Personally, I thought we were at least one to two generations away from models that would be modeling human behavior at as low a level as I've now seen. And I missed it for around a year of the model being out despite regularly working with GPT-4 specifically and having lectured on the effect for years. To the best of my knowledge, no one even in ML alignment focused circles has noticed yet.

They are correlation machines and the training data has a lot in it where the author is an important part of the pattern left behind in the data.

The idea of an author, the I before the think, is just part of the correlation pattern. To deny it is to try and build a jigsaw throwing out the center pieces.

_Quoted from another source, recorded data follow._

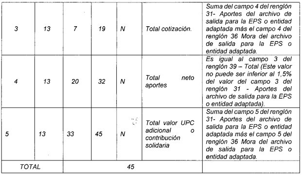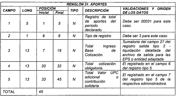 6 13 31 43 N Valor total cotizaciones obligatorias aportadas a esa EPS o entidad adaptada Sumatoria del campo 55 del registro tipo 2 del archivo tipo 2, para la EPS o entidad adaptada correspondiente.
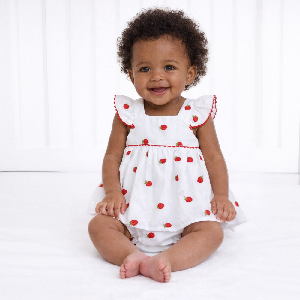 New In Deolinda Girls Strawberry Dress & Bloomers - Pre Order
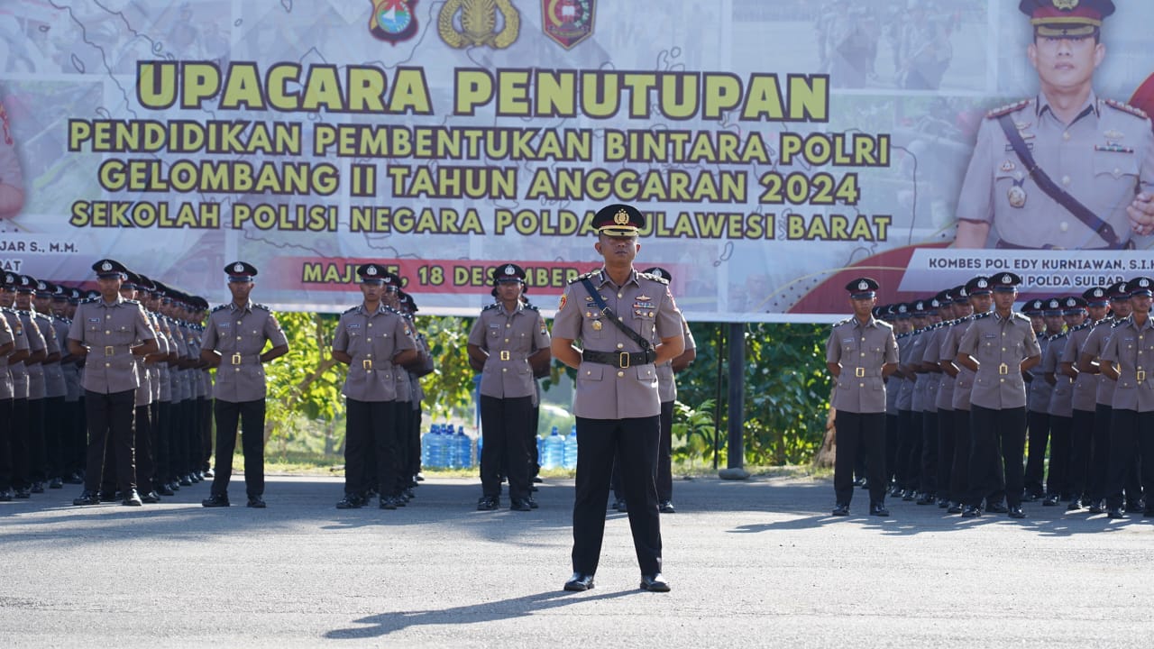 Polda Sulbar – Kepala Kepolisian Daerah Sulawesi Barat (Kapolda Sulbar) Irjen Pol Adang Ginanjar memimpin langsung upacara penutupan Pendidikan Pembentukan Bintara (Diktukba) Polri Tahun Anggaran 2024 di SPN Mekkatta Polda Sulbar, Rabu (18/12/24).
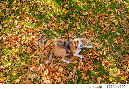 Beagle dog lying on vibrant green grass covered with autumn leaves.
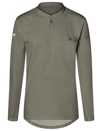 Voorkant: keperstof | Rug: jersey piqué, ademend, vochtregulerend | Lange mouwen | Pasvorm op maat | Halslijn met smalle opstaande kraag en kleine knoopsluiting | Borst paspelzak met knoop | Ingezette zak op linkermouw
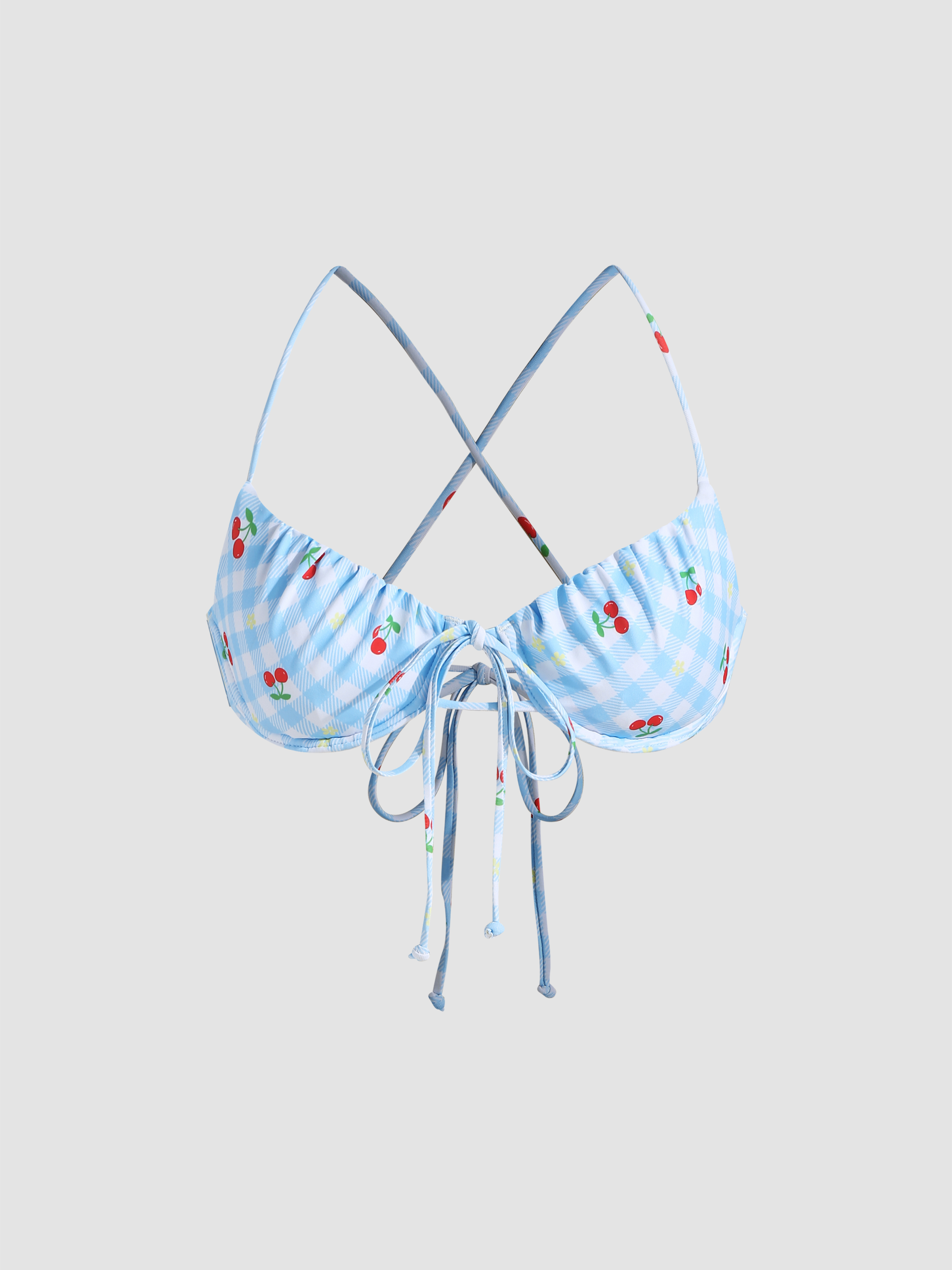 Tag : Knit Fabric Check Cherry Print Criss Cross Underwire Uplifting Bikini Top For Beach Vacation

People were so afraid of the Blake Lemoine or Kevin Roose PR blunders that they have been sanding the wood against the grain ever since, up until I'm sure focus groups finally showed that there's better product engagement when it's less soulless. Now they are finally sanding it with the grain and the models sanded that way are performing better.

But just wait until the next generation of models where a threshold that's already further past where we think it is gets pushed out even further.

*TL;DR:* I anticipate that the gap between what we know and what we think we know is going to widen before it narrows.

What I will say is that after the demos today, I'm realizing just how much more correlations exist beyond the pages of written data. I'm looking forward to seeing the AI that eventually comes out from TikTok's training data.

maeil · on May 14, 2024

> it's also notable that openai prioritizes coding abilities, whereas meta treats it more as an afterthought (separating out codellama, and zuck confirmed that its not impt for him in the dwarkesh interview). yes we know code corpuses improve general reasoning for llms, but i'm -still- not aware of a definitive paper studying this phenomenon (pls reply here if you do)

IME this approach seems to be working. I don't have a paper, but I can confirm that I barely use GPT-4 anymore. Except for code, Gemini 1.5-Pro just performs better. For complex code, Claude Opus is the winner. For quick/cheapish stuff, Claude Sonnet. For really quick/cheap/easy stuff, GPT-3.5. Often I will still give GPT-4 a try just to compare with the others, and there's just nothing at excels at. It's neither cheap nor the best at anything, just "good" at everything.

This may make sense for them because they have to cater to the largest audience. So they'd rather be #2 for every task than #1 for one task and #3 for the other. But for serious users, or even enterprise use, it means there's no point.

kibibu · on May 14, 2024

This is a misleading title.

It got #1 on one benchmark, and #2 on another.

It didn't take the top two spots on a single benchmark.